The dollar takes a break as US yields drop ahead of CPI

The US dollar’s rally came to a halt as the DXY index dropped to 103.5 before the release of April’s US Consumer Price Index (CPI) numbers, while Treasury yields fell as investors switched away from a turbulent stock market amid fears about global growth and a potential inflation peak.

The Japanese yen (JPY) and Swiss franc (CHF), the top laggards in the previous quarter, gained ground against the USD as the US 10-year yield fell below 3% in European morning trading.
Investors want to know if the US has achieved its inflation high, which might trigger the dollar and other significant currencies to react aggressively.
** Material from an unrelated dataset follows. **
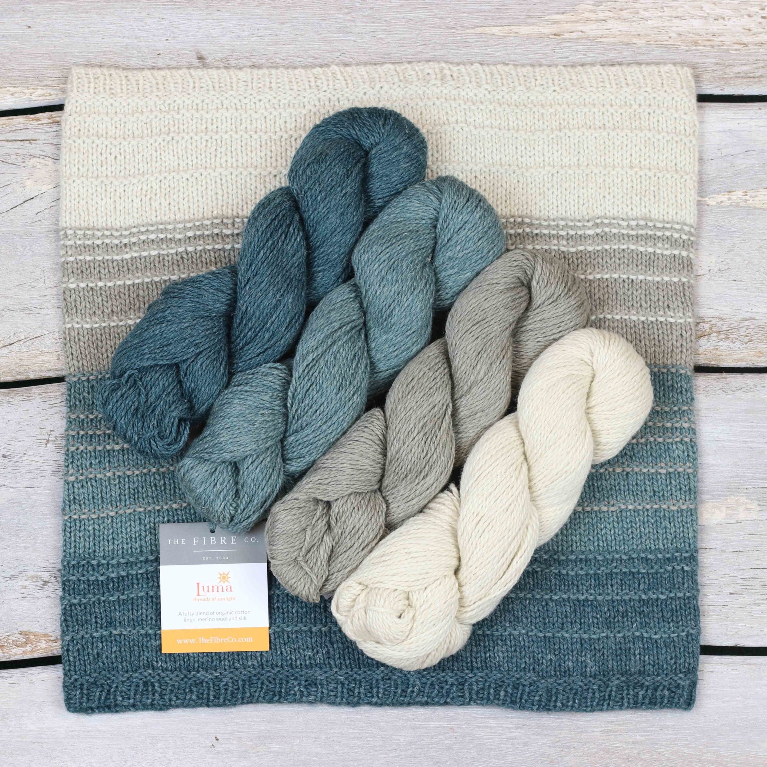 The Fibre Co. Luma (50% Merino wool, 25% organic cotton, 15% linen, 10% silk, approx. 125 m (137 yd) per 50 g hank) – Aegean, Blue Dusk, Willow, Blanca – 1 hank each.

The US CPI is expected to drop to 8.1 percent in April from a 41-year high of 8.5 percent in March, marking the first drop in annual inflation in seven months.

However, rising energy costs on the one hand, and pressure on services pricing as a result of a reasonably strong US employment market on the other, might potentially lead to positive April inflation surprises.

Meanwhile, risk appetite is increasing today, with the Australian currency (AUD) and the New Zealand dollar (NZD) among the best performers, after Shanghai reported a 51% drop in new daily Covid-19 infections, while Beijing reported fewer instances as well.

After the head of the Bundesbank suggested that a rate hike could come in July and that waiting to change monetary policy is a risky strategy, the euro (EUR/USD) recovered to $1.057.
The Norwegian krone (NOK) increased by over 1% on the day, while the Canadian dollar (CAD) increased by 0.4 percent.

The high-beta Swedish krona (SEK) was also one of the best performers today, rising roughly 1% against the dollar.